Derived eigenvalue inequalities on Riemannian manifolds, including special cases.

Proved universality of inequalities for translating solitons.

Abstract

$\mathfrak{L}_{II}$ operator is introduced by Y.-L. Xin (\emph{Calculus of Variations and Partial Differential Equations. 2015, \textbf{54}(2):1995-2016)}, which is an important extrinsic elliptic differential operator of divergence type and has profound geometric meaning. In this paper, we extend $\mathfrak{L}_{II}$ operator to more general elliptic differential operator $\mathfrak{L}_{\nu}$, and investigate the clamped plate problem of bi-$\mathfrak{L}_{\nu}$ operator, which is denoted by $\mathfrak{L}_{\nu}^{2}$, on the complete Riemannian manifolds.
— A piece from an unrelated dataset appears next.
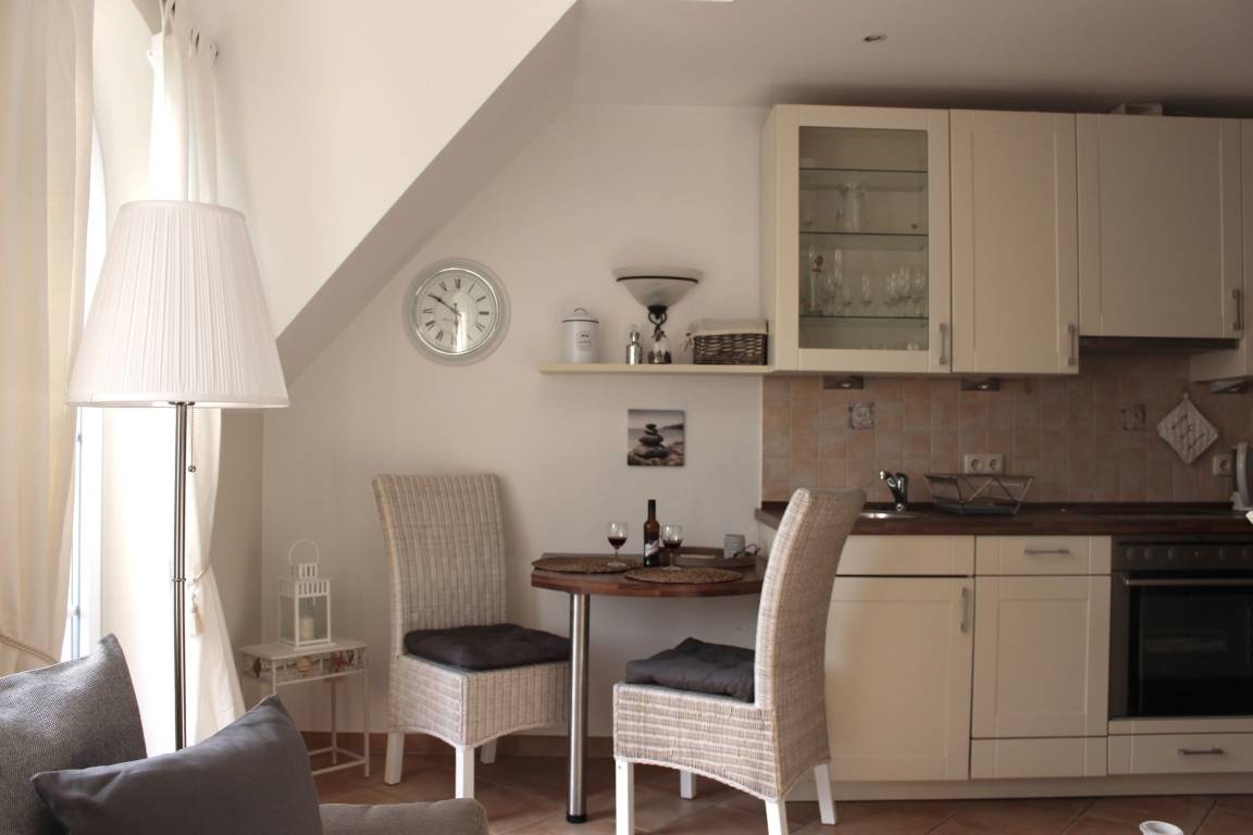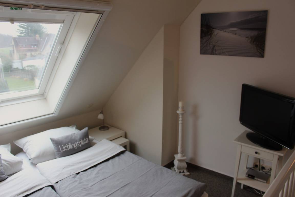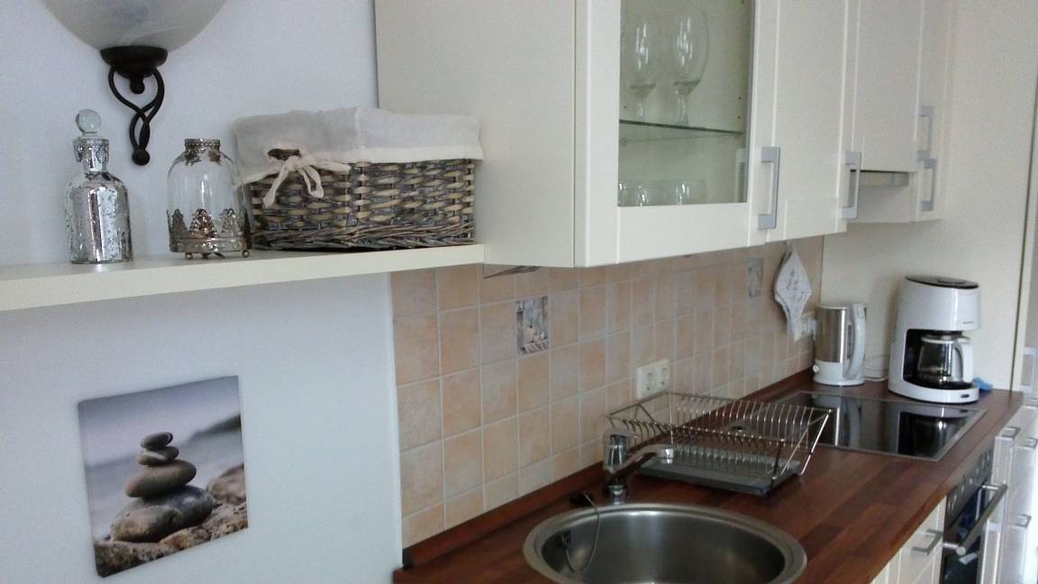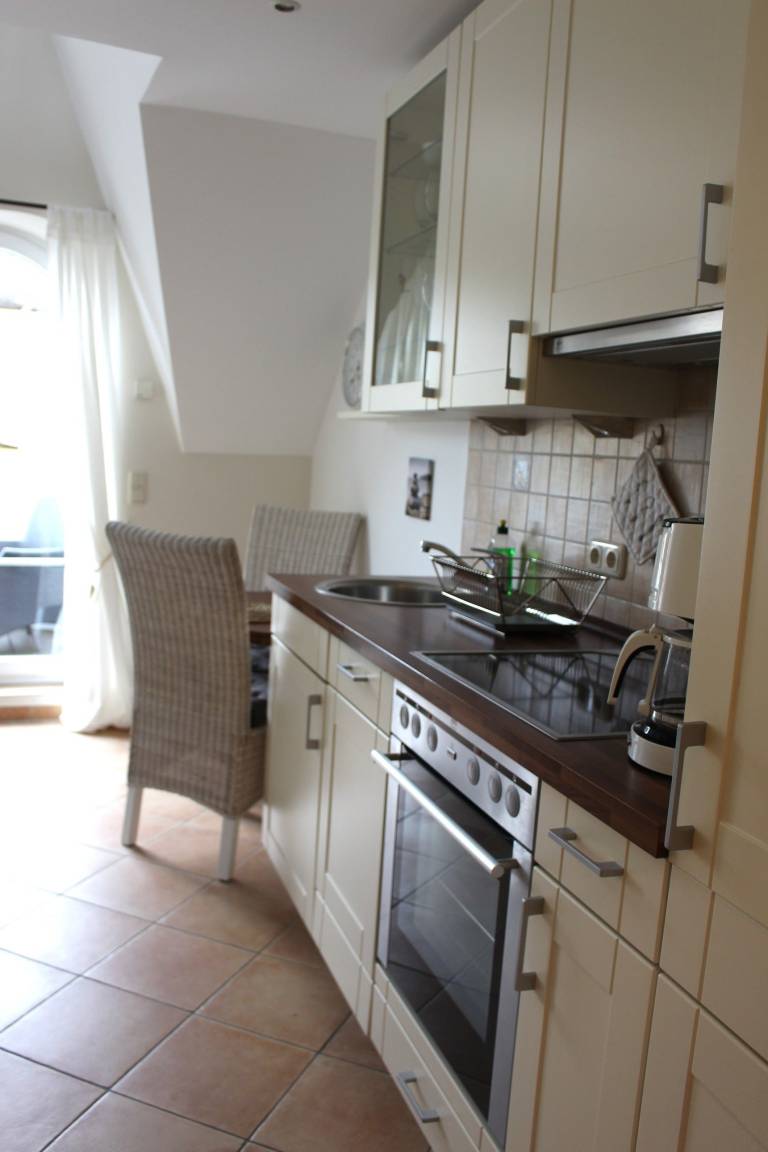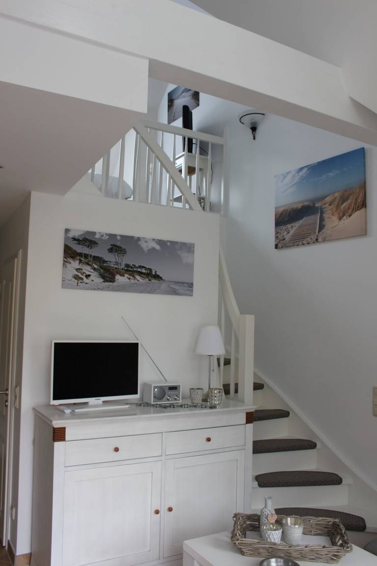 Schlafzimmer als offene Galerie mit saisonalem Ostseeblick (November-Mai). Komplett eingerichtete Küche mit Kühlschrank. Geschirrspüler, Kaffemaschine...

A general formula of eigenvalues for the $\mathfrak{L}_{\nu}^{2}$ operator is established. Applying this formula, we estimate the eigenvalues with lower order on the Riemannian manifolds. As some further applications, we establish some eigenvalue inequalities for this operator on the translating solitons with respect to the mean curvature flows, submanifolds of the Euclidean spaces, unit spheres and projective spaces. In particular, for the case of translating solitons, all of the eigenvalue inequalities are universal.